The International Oil Companies operating in Nigeria have been shortchanging the country for many years, by underpaying taxes estimated to billions of dollars, and making capital allowances claims without the Certificate of Acceptance of Fixed Assets (CAFA).
This was the revelation made by the Nigerian House of Representatives Committee investigating the Structure and Accountability of the Joint Venture (JV) Business and Production Sharing Contracts (PSCs) at the Wednesday resumed investigative public hearing, probing the remittances of Shell Petroleum Development Company of Nigeria, Total Energies and First E and P others.
Hon. Abubakar Fulata, Chairman of the Committee, in his remark disclosed that most of the accused IOCs may be compelled to make necessary refunds to the government coffers, having made claims of capital allowance from the government without presenting CAFA certificate.
The Committee Chairman particularly mentioned Shell, Chevron, Agip, Total, First Exploration Petroleum Development Company Limited, and Eroton Exploration, and Production Company Limited.
Other companies invited by the Committee are Ten Oil Petroleum and Energy Limited, Staoil Nigeria Limited, Belema Oil Producing Limited, Emo Exploration and Production Limited, and Sterling Oil Exploration and Production.
Hon. Fulata revealed that the taxes paid by the oil companies were not sufficient, adding that FIRS does not rely on the Stock Certificate of Crude Oil and Certificate of Acceptance of Fixed Assets.
According to him, CAFA certificate was the basis for capital allowances claims, while Stock Certificates gave clearer pictures of the volume of crude oil lifted by the oil companies.
He said, “Shell, Total, and First E & P were in violation of Nigerian law for making capital allowances claims without the CAFA certificate”.
The Committee Chairman however disclosed that the oil companies are not only bound by the petroleum profit tax act but do not have the constitutional right to select which laws to obey and disregard.
The committee said it was not only the PT Act they were bound to obey, adding that they had no power to select which law to obey and which one not to obey.
They however insisted that the oil companies, among other things, must present a stock certificate, capital allowance enjoyed, and contributions to NNPC-JV and PSCs Account.
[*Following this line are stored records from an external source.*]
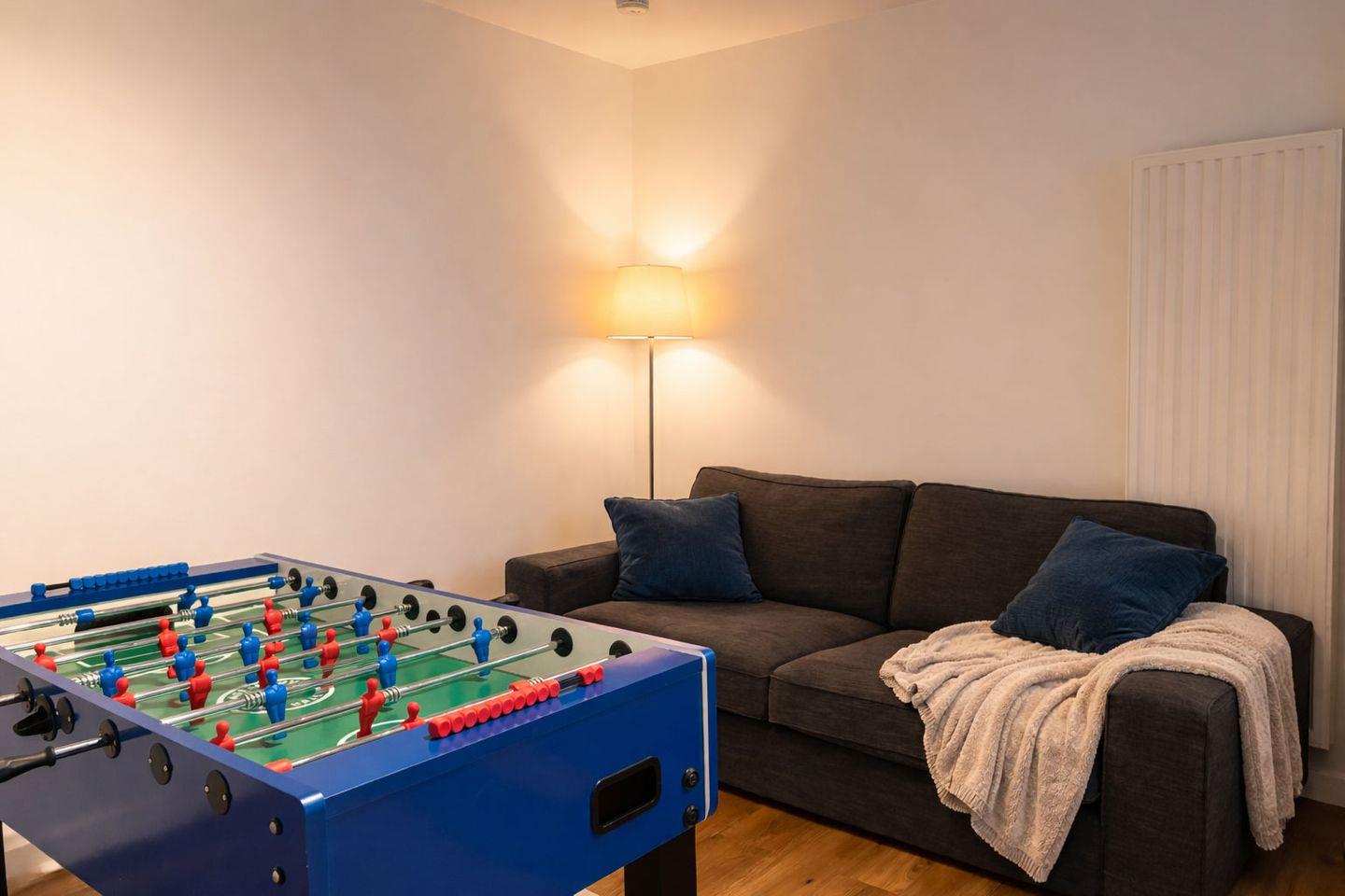 Die Ferienwohnung "Harbour Lodge" hat eine Größe von etwa 175 m² und erstreckt sich über drei Etagen. Im Erdgeschoss befindet sich ein Schlafzimmer, ein Badezimmer mit Badewanne, eine voll ausgestattete Küche und ein geräumiges Wohnzimmer mit Zugang zur Terrasse. Der ersten Stock bietet zwei weitere Schlafzimmer, ein Badezimmer mit Sauna sowie einen Balkon mit Blick auf den Hafen es Ostseeresort Olpenitz und die Schlei. Im Souterrain erwartet Sie ein Spiel- und Relaxbereich mit Tischkicker, ideal für die gemeinsame Freizeitgestaltung mit Kindern.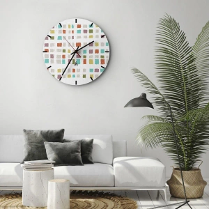 Nástěnné hodiny - Neznámá hra - Barevné čtverce na bílém pozadí v abstraktním stylu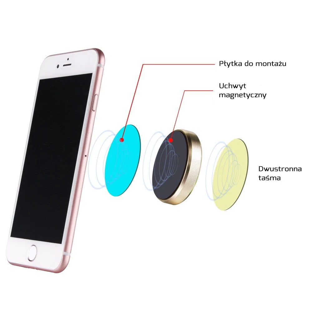 Zestaw składa się z metalowej płytki, którą możemy zamontować bezpośrednio na telefonie, bądź pod swoim etui/pokrowcu, uchwytu magnetycznego o średnicy 3 cm oraz mocnej, dwustronnej taśmy.
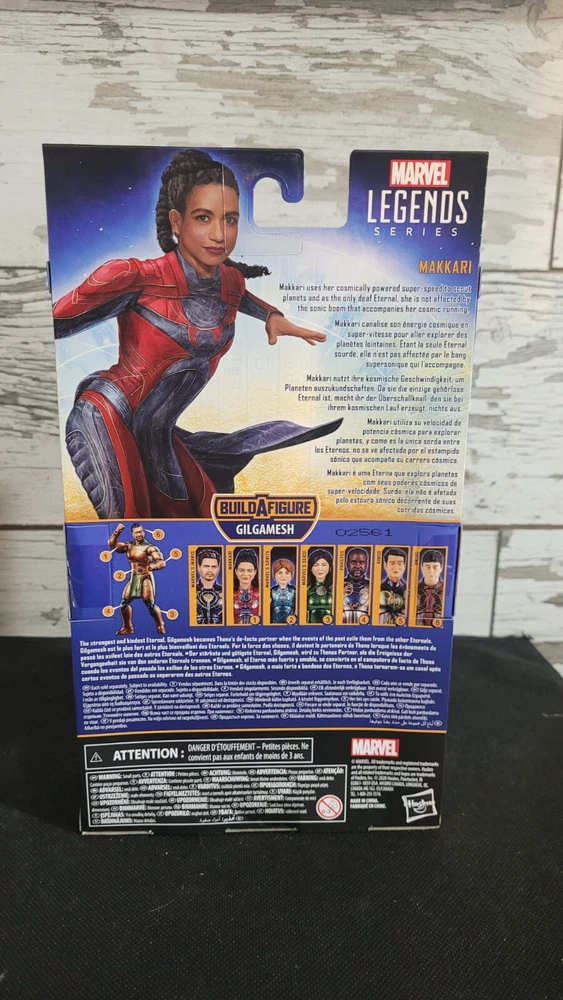 The product is a Marvel Legends Makkari action figure from the Gilgamesh BAF Series by Hasbro. It features characters like Deadpool, Iron Man, and Captain America from the X-Men franchise. The figure is 6 inches tall and part of the Marvel Legends Series, suitable for ages 4 and up. It is unopened in its original packaging. Items may show minor signs of shelf wear. Any major damage will be noted and pictured. Fast S/H! If you Have any questions, please feel free to ask. Thank you.!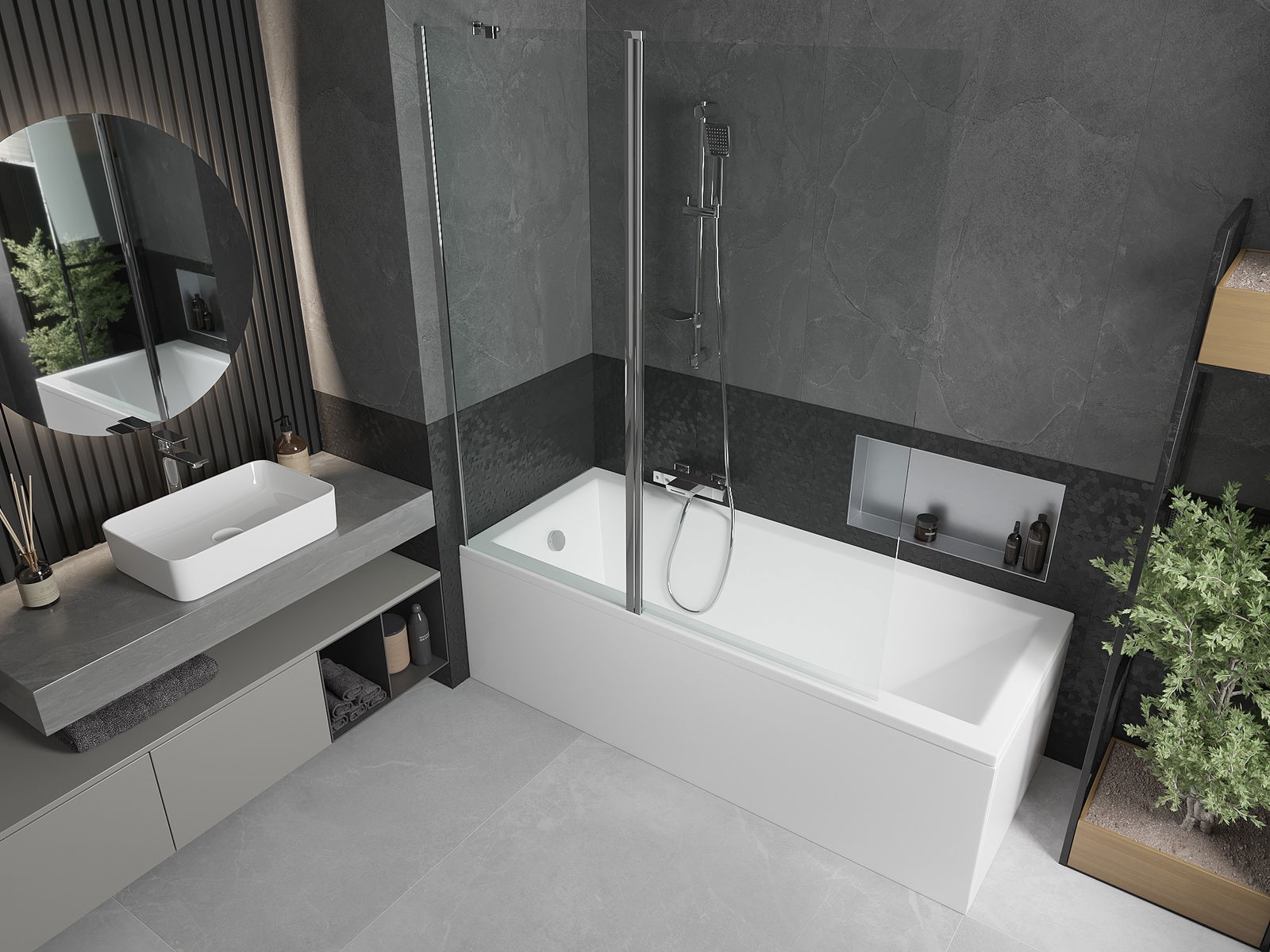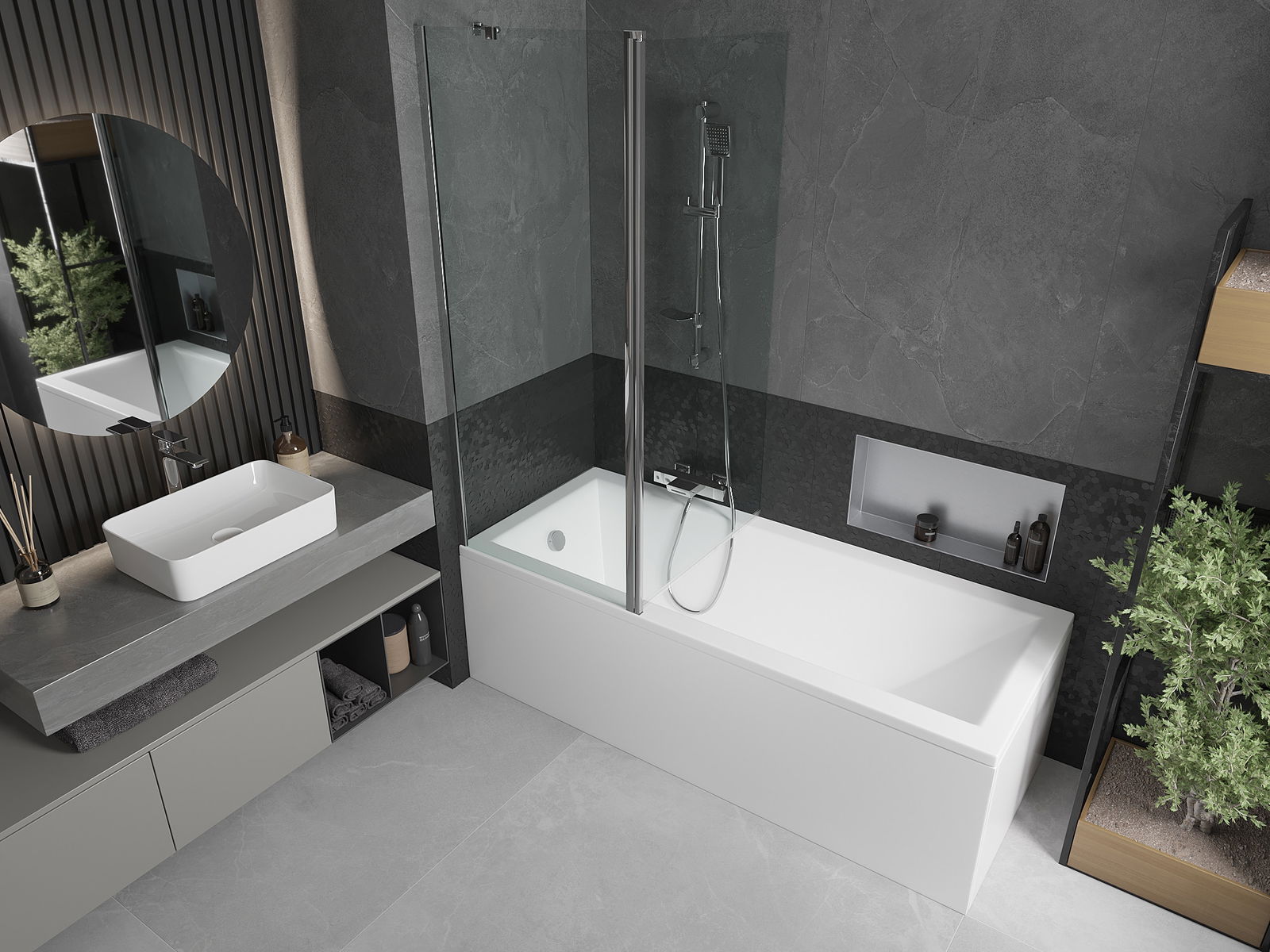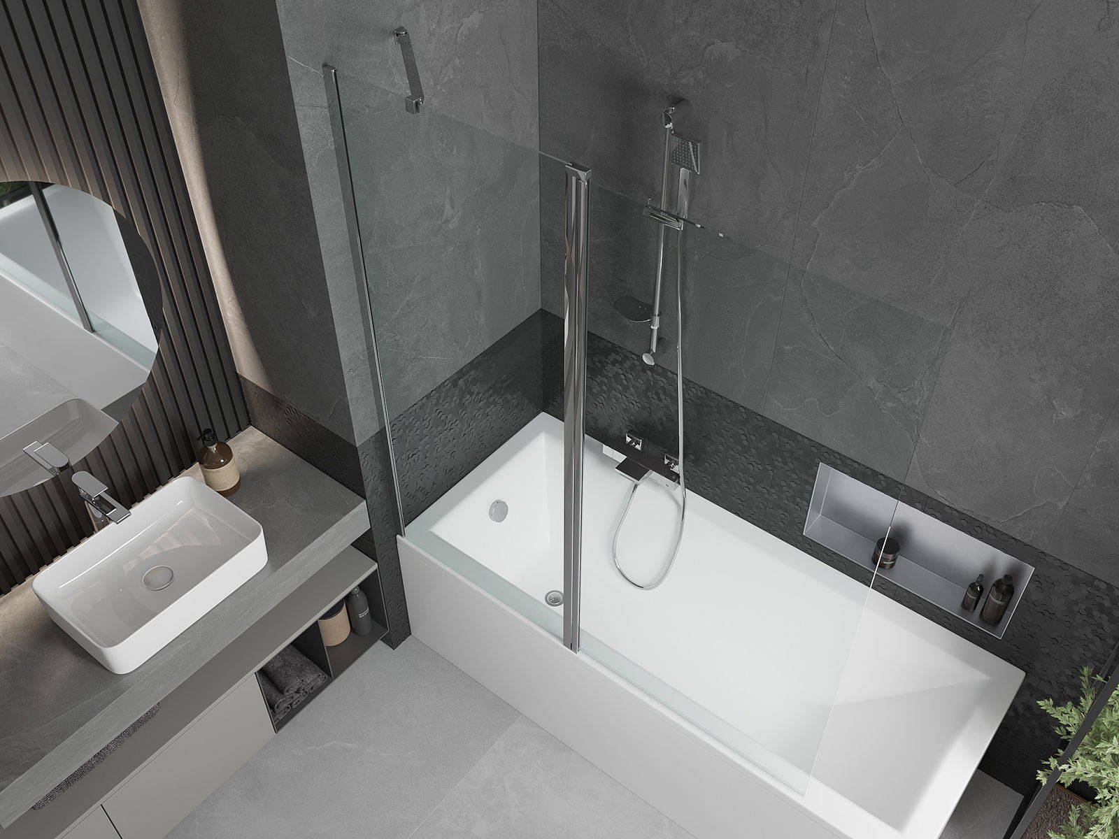 Paraván má jedno pohyblivé křídlo s možností složení. Takové řešení umožňuje ušetřit více místa v koupelně a umožňuje volné využívání zbývajícího prostoru, když nevyužíváme koupací zónu.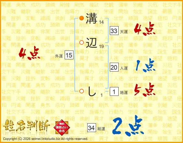 溝辺しさんの総運は34画の2点!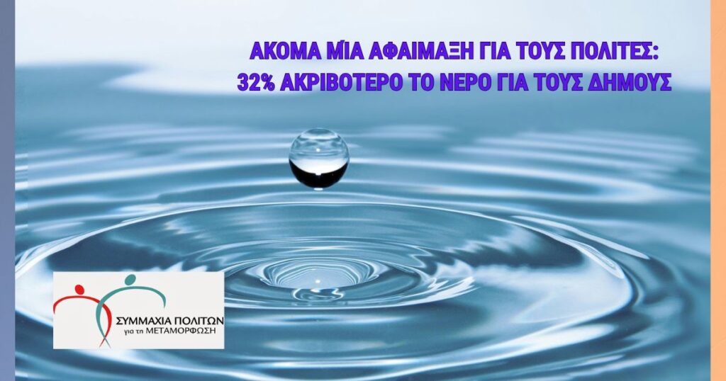 Ακόμα μια νέα αφαίμαξη για τους πολίτες καταγγέλλει η Συμμαχία Πολιτών για τη Μεταμόρφωση, καθώς, με απόφαση της ΕΥΔΑΠ ακριβαίνει κατά 32% το νερό για τους Δήμους. “Είναι κάτι παραπάνω από σίγουρο ότι το κόστος και αυτής της αύξησης θα μετακυλιστεί στους δημότες”, αναφέρει η ανακοίνωση του γραφείου τύπου της Παράταξης.

Mr. Bashir Bello, team lead of the Shell delegation, informed the Committee that SPDC had been in operation since 1929 and promised to furnish the committee with the relevant documents being requested with exception of the CAFA certificate.
Other companies indicted by the Committee in their separate submissions and presentations revealed that they have been relying on Petroleum Tax Act to make capital allowance claims.
They further claimed that the CAFA was domiciled with the Ministry of Industry.